Lange Zeit war Zeit für mich etwas, dem ich mit aller Mühe zu entgehen versuchte. Zum Beispiel weigerte ich mich die längste Zeit meines Lebens, eine Uhr zu tragen. Ich bin mir nicht ganz sicher, wie es zu dieser Entscheidung gekommen war; ich erinnere mich nur vage daran, einmal gelesen zu haben, dass Yoko Ono niemals eine Uhr trägt, weil ihr die Vorstellung, Zeit am Handgelenk festzuzurren, verhasst ist. Das leuchtete mir ein. Zeit schien mir ein von außen auferlegtes und deshalb repressives Phänomen zu sein – und damit etwas, das ich meiner freien Entscheidung nach von meiner Person fernhalten oder irgendwo zurücklassen konnte.

Zunächst verschaffte mir diese Vorstellung ein tiefes Glücksgefühl und Erleichterung, wie so häufig der Fall, wenn man rebelliert. Aber natürlich bedeutete es auch, dass ich mich, wenn ich auf dem Weg zu einer Verabredung war, nicht etwa außerhalb der Zeit befand, sondern ihr schlicht und einfach hinterherhinkte. Ich kam zu spät. Ich konnte mir die Zeit dermaßen versiert vom Leib halten, dass es lange dauerte, bis ich überhaupt begriff, dass ich es tat. Dieser Erkenntnis folgte schnell die nächste: Ich vermied Zeit, weil ich sie insgeheim fürchtete.
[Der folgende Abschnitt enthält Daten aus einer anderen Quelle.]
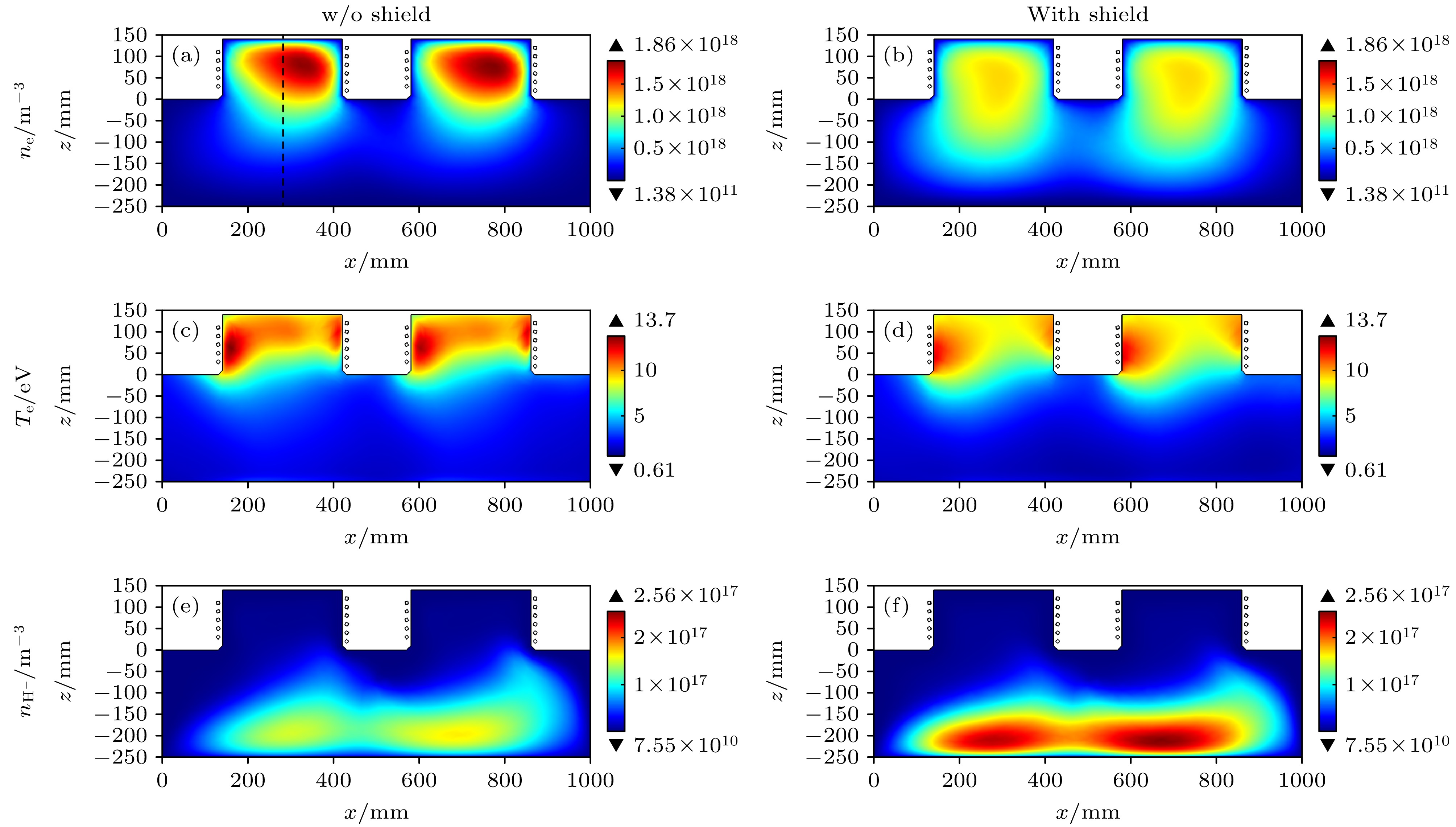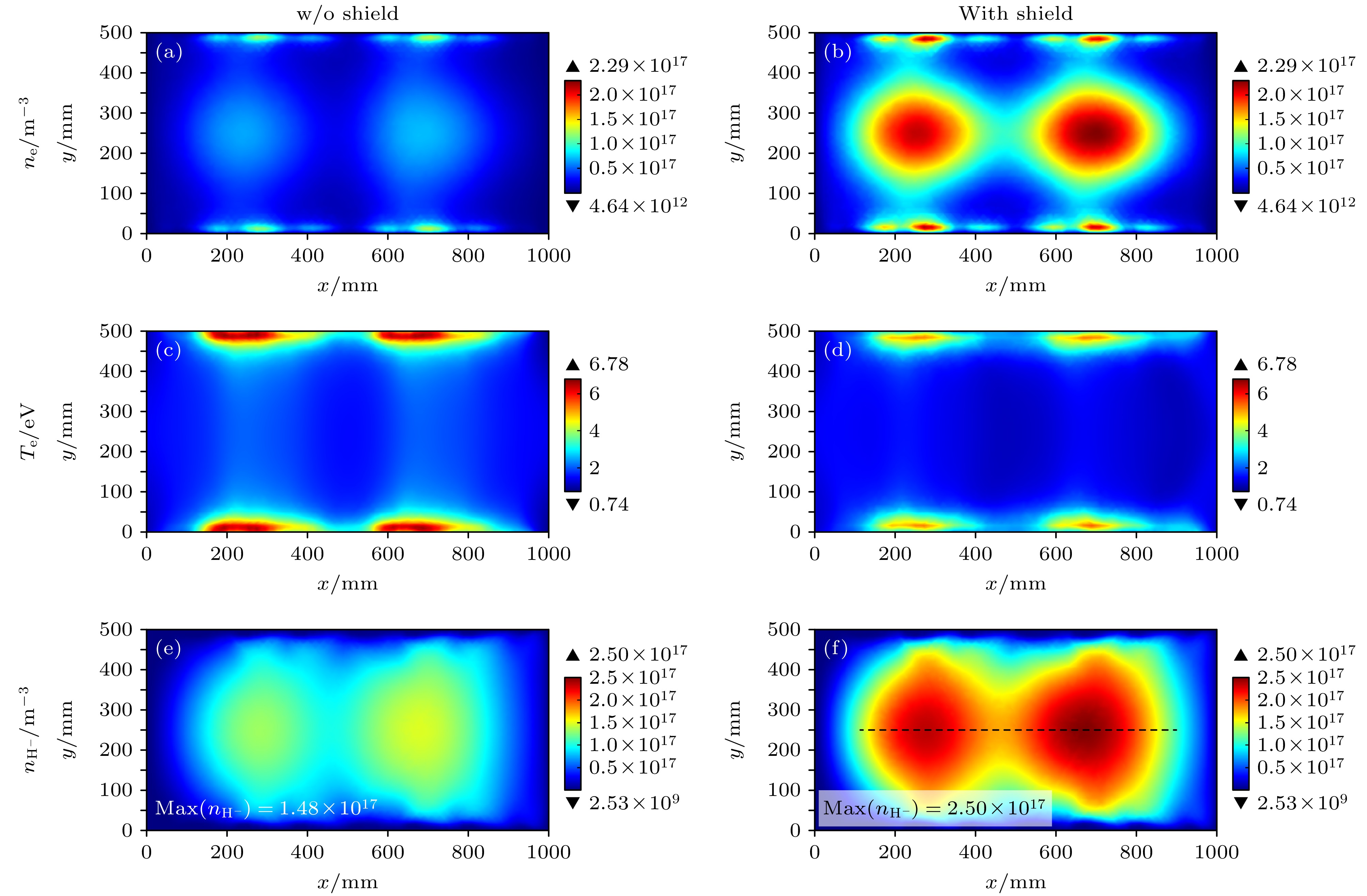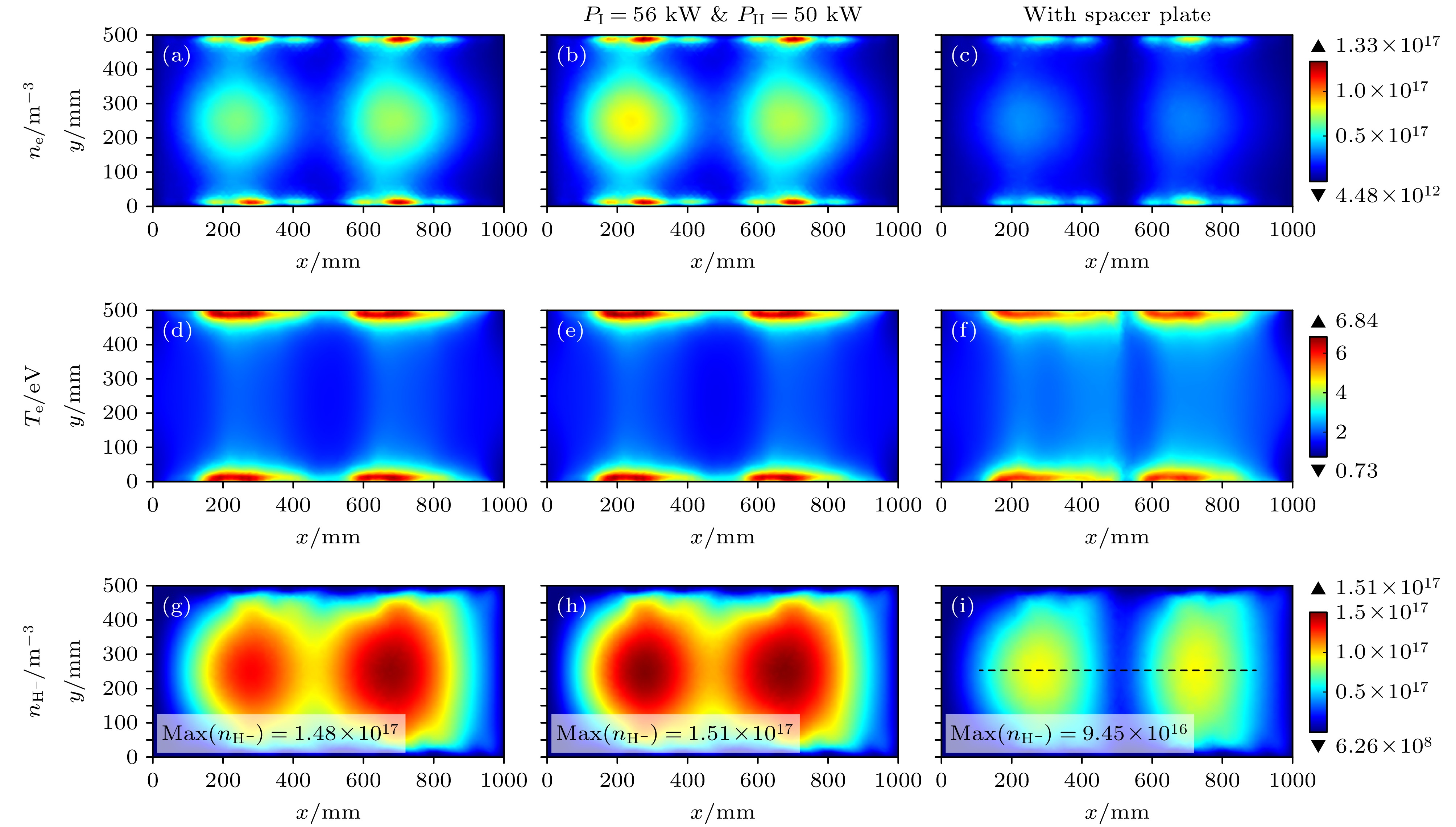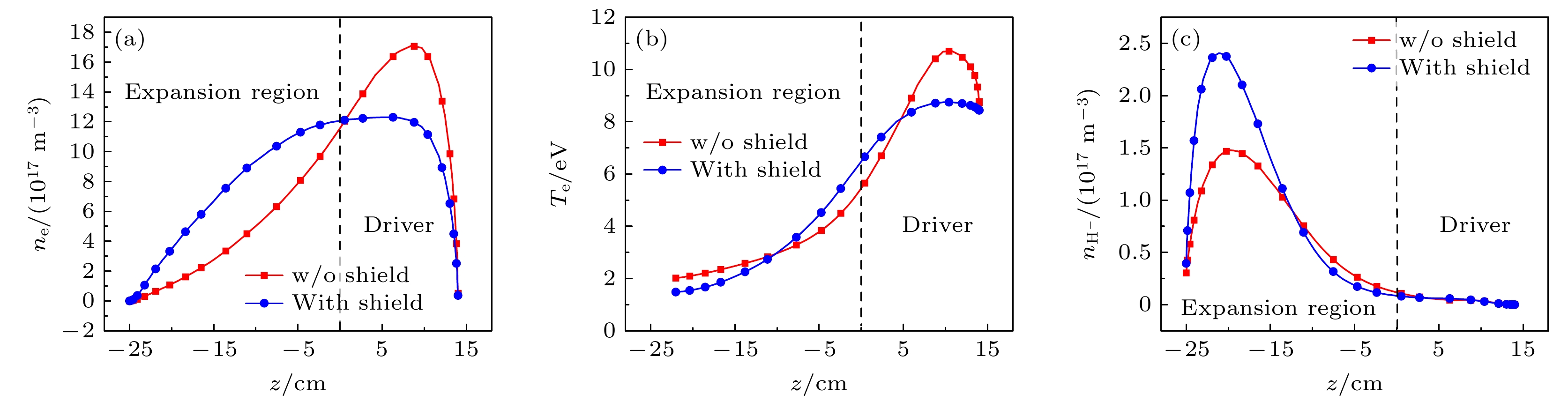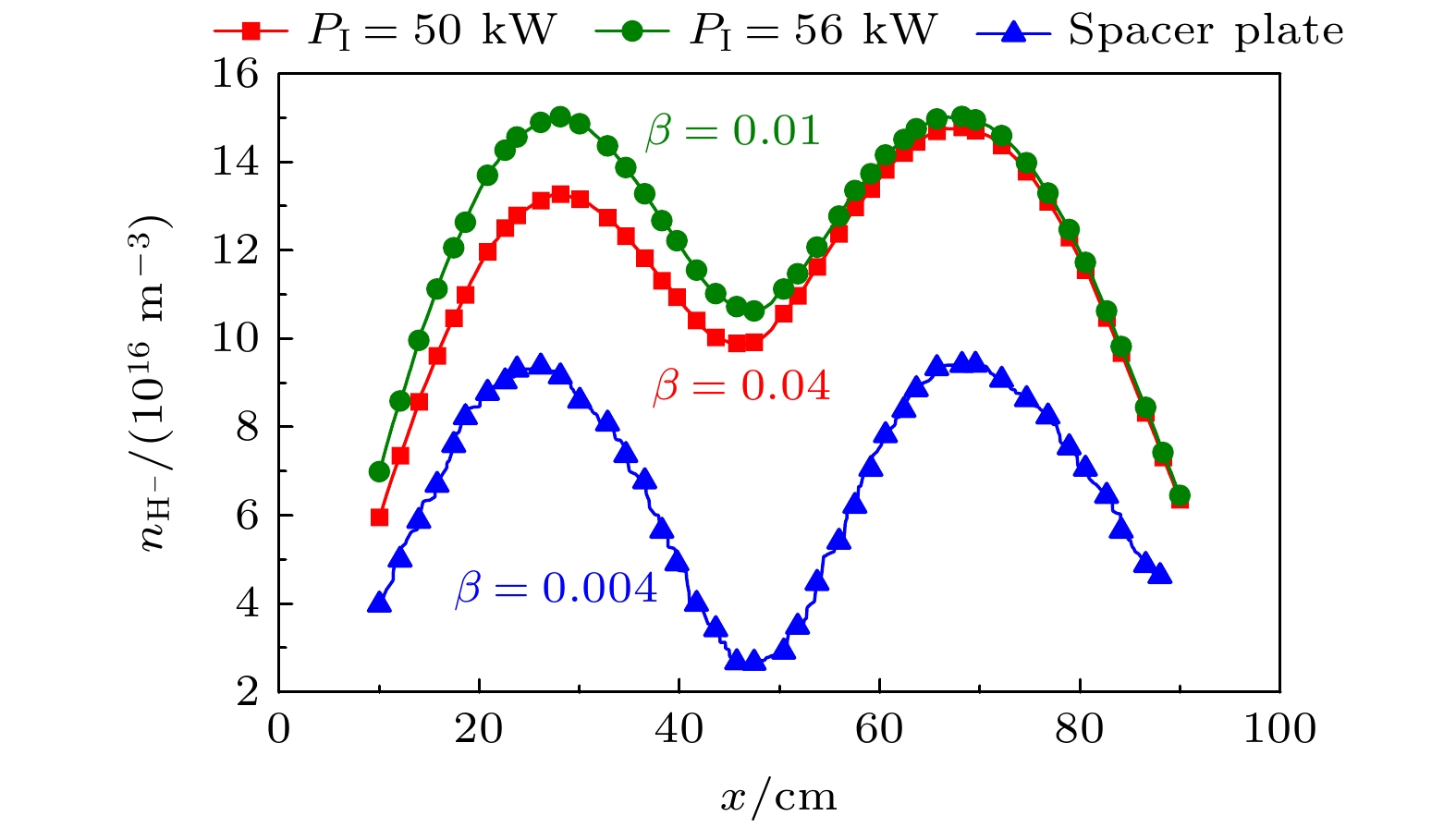 In neutral beam injection (NBI), which is a primary auxiliary heating method for tokamak plasmas, the negative hydrogen ion source (NHIS) functions as a critical front-end component governing neutral beam quality. The performance of NHIS remains a key challenge. This work presents a three-dimensional (3D) fluid model, which is developed for a double-driver NHIS to simulate and optimize surface-generated negative hydrogen ion density. A comparison of plasma parameters between the NHIS with Cs and without Cs shows that surface generation yields negative ion density one order of magnitude higher than volume generation. However, the presence of the magnetic filter field induces asymmetry in negative ion density within the extraction region. To improve this asymmetry, two approaches are proposed: 1) increasing the power of one of the drivers and 2) adding a spacer plate to the expansion region. After increasing the power of Driver I from 50 to 56 kW, the H– density asymmetry at the y = 25 cm intercept on the xy-plane (z = –22 cm) decreases from 0.04 to 0.01, and the value of H– density increases. Following the addition of a spacer plate, the H– density asymmetry further decreases to 0.004, but the value of H– density also shows a significant reduction. Finally, adding a magnetic shield to the back plate of the expansion region further optimizes H– density from 1.48×1017 m–3 to 2.50×1017 m–3, yielding a 69% increase downstream. This is because increased plasma transport into the expansion region enhances the dissociation rate of H2 molecules, thereby yielding more H atoms. The attenuation of the magnetic filter field in the driver region after adding a magnetic shield also enhances the symmetry of the H– density.

Die Vorstellung, Zeit sei etwas rein Äußerliches, schenkte mir ein Gefühl von Kontrolle, so als sei sie etwas, in das ich mich beliebig hineinbegeben und aus dem ich beliebig wieder heraustreten konnte. Sie erweckte das Bild eines Flusses, durch den ich waten und aus dem ich jederzeit wieder ans Ufer treten konnte, oder das eines Laternenpfahls, um den ich einfach herumlaufe. Doch tief im Inneren spürte ich die Wahrheit: Zeit war – ist – in mir, in uns. Sie ist da, vom Moment des Erwachens bis zum Moment des Einschlafens, sie erfüllt die Luft, sie durchdringt Geist und Körper, sie kriecht durch deine Zellen, durch jede Sekunde deines Lebens, und sie wird weiter voranschreiten, noch lange nachdem sie jede deiner Zellen verlassen hat. Ich fühlte mich infiziert. Und doch konnte ich nicht sagen, woher Zeit kam, geschweige denn, wohin sie ging – und weitergeht und weiterhin pausenlos versickert. Wie bei so vielem, das man fürchtet, ohne zu wissen, was es ist, hatte ich keine Ahnung, was Zeit eigentlich ist. Derweil führte mich die Findigkeit, mit der ich ihr zu entgehen versuchte, immer weiter weg von jeder möglichen Antwort.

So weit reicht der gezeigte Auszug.